Conditioned Play Audiometry (age 2 to 5 years): The young child is engaged in a “listening game” were they may be asked to place a toy in a bucket or a peg in a board when they hear beeping tones through headphones.
Just like any other child, a child with a cleft will require good dental care throughout life. It is common for children with a cleft to have a variety of dental issues which will require specialized treatment from dentists and orthodontists.
Dental care: With proper cleaning and nutrition, children with a cleft are able to have healthy teeth. Once teeth erupt from the gums between 6-9 months of age, they should be wiped with a damp cloth after each feeding, this prevents milk being left on teeth which can cause cavities. For this reason, it is very important that your child not go to sleep with a bottle in their mouth.
It is recommended that children see a pediatric dentist for a check-up around their first birthday. Regular follow-ups every 6 months are recommended throughout their life. Cleaning should be done at least twice a day for two minutes, as soon as the first teeth erupt. Parental supervision and participation is important until your child is 8 years old.
It can be challenging to get children in the routine of brushing their teeth. Below are a few fun ideas to get your kids excited about keeping their teeth clean and healthy.
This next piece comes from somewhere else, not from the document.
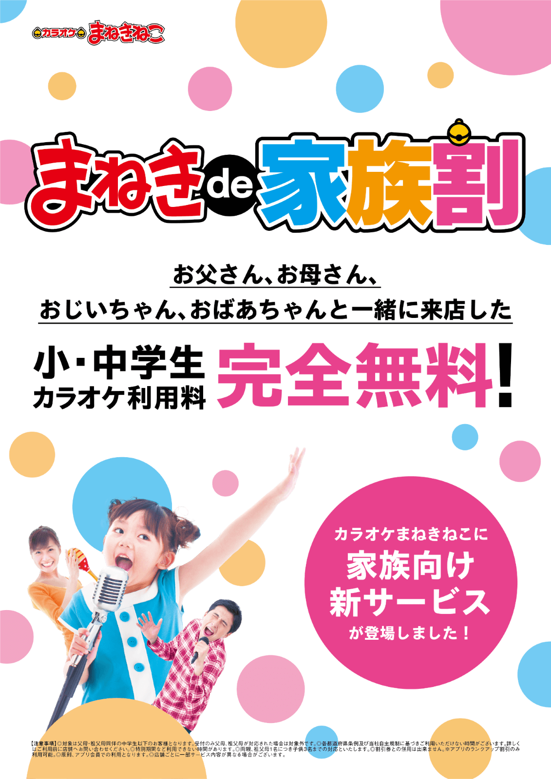 【カラオケまねきねこ】家族で行けばお得!「まねきde家族割」
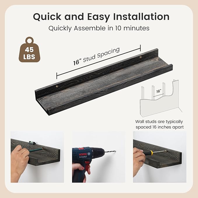 • Easy to Install: You will get a level, screws for the wall, drywall anchors, a detailed installation guide, and two beautiful hand-crafted solid pine wood shelves. With the level, you can make sure your picture ledge shelves are well aligned. Just follow the simple instruction to install the hanging shelves for wall decor within 10 minutes. We add additional screw and anchor to the hardware bag just in case. If you have any questions about our products, please feel free to contact us

How To Get Kids Excited About Oral Health
- Start a routine and stick with it: It can be tempting to skip brushing your child’s teeth (or your own teeth) after a long day, or perhaps even when you are running late in the morning. However, the more consistent you are, the more likely they are to stick with the routine.
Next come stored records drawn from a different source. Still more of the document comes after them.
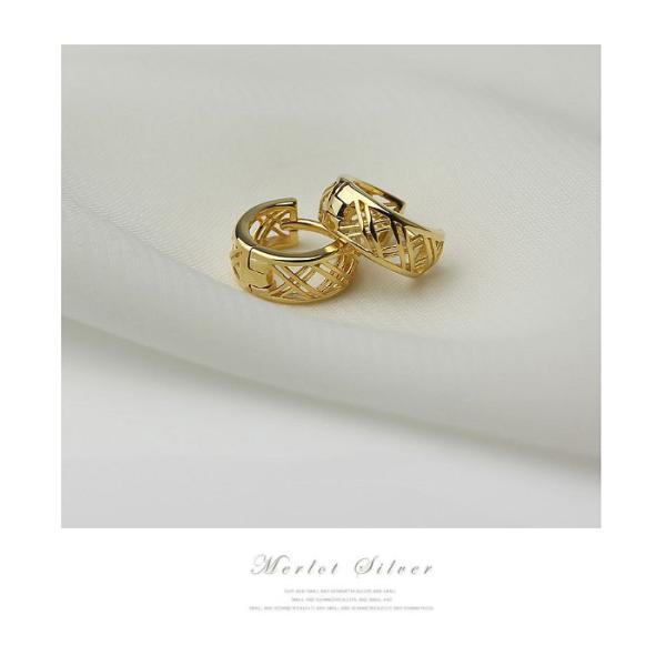 フープピアスレディース アレルギー対応 18金 ゴールド つけっぱなし メッシュ シルバー925 エリザベスピアス 小さい
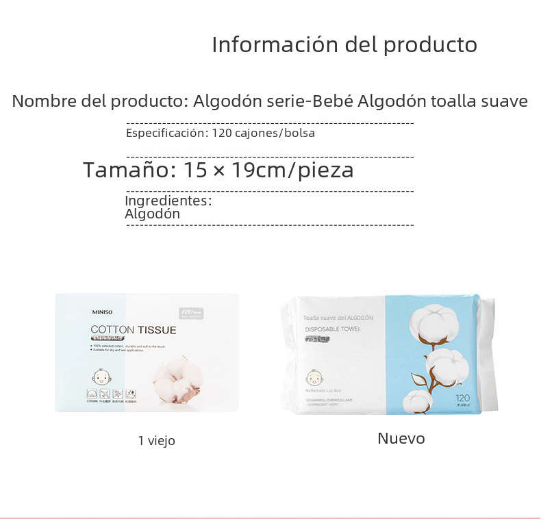 Paquete individual * 120 piezas-Toalla facial de algodón para bebés
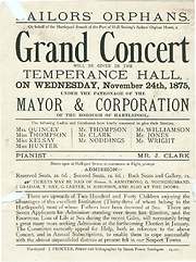 Donated by Hartlepool Library ServiceGrand Concert in the Temperance Hall on 24th Novenber 1875 on behalf of the Hartlepool Branch of the Port of Hull Society's Sailor's Orphan Home.
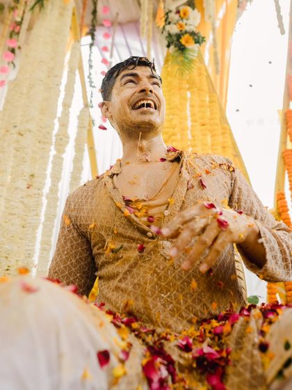 I see the Haldi as a riot of color and unscripted joy. My focus is on capturing the raw, candid moments, from flying marigold petals and playful turmeric smears to the pure, unrestrained laughter of family and friends.

- Make it fun with the Mouth Monsters: Tooth D.K., Ginger Bite-Us and Tartar the Terrible present a fun way to talk to your kids about tooth decay and why brushing is important to keep the Mouth Monsters away. Download the Mouth Monster mini posters that you can hang up on the bathroom mirror as a reminder, and check out “Denty Land,” a fun and interactive game full of great tips for parents and kids.
- Let little ones show off: Parents should participate in brushing until age 7 or 8 to make sure kids are doing a thorough job. In the early years, take advantage of little ones’ growing sense of independence and let them show YOU their tooth-brushing skills before you help out.
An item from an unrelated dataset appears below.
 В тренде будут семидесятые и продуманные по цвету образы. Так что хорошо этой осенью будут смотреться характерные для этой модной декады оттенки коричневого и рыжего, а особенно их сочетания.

- Tooth-brushing tunes: Two minutes can seem like an eternity to a child. To help pass the time and make it fun, play one of their favorite songs on your phone, sing a song or even make up a song for two minutes.
- Practice makes perfect: If your child has a favorite doll or stuffed animal, you could have them pretend to brush their doll’s teeth, too – good oral health is important for everyone!
Orthodontics: Children born with cleft lip and/or palate are often have missing or misshapen teeth. This is most common when the cleft extends through the gums. The majority of children with a cleft require multiple phases of orthodontic treatment, which span through childhood and adolescence.
The goal of orthodontics:
- to improve appearance of teeth
- to align top and bottom teeth for chewing
- to make teeth easier to brush
Treatment may include traditional braces, as well as specialized orthopedic appliances such as expanders and head gear in preparation for surgery. It is recommended that children see a local orthodontist by age seven. Orthodontic treatment depends on the surgical procedure needed and is important to the success of both the surgery and health of the teeth. Orthodontic care is often coordinated with the cleft and craniofacial team orthodontists to get the best results.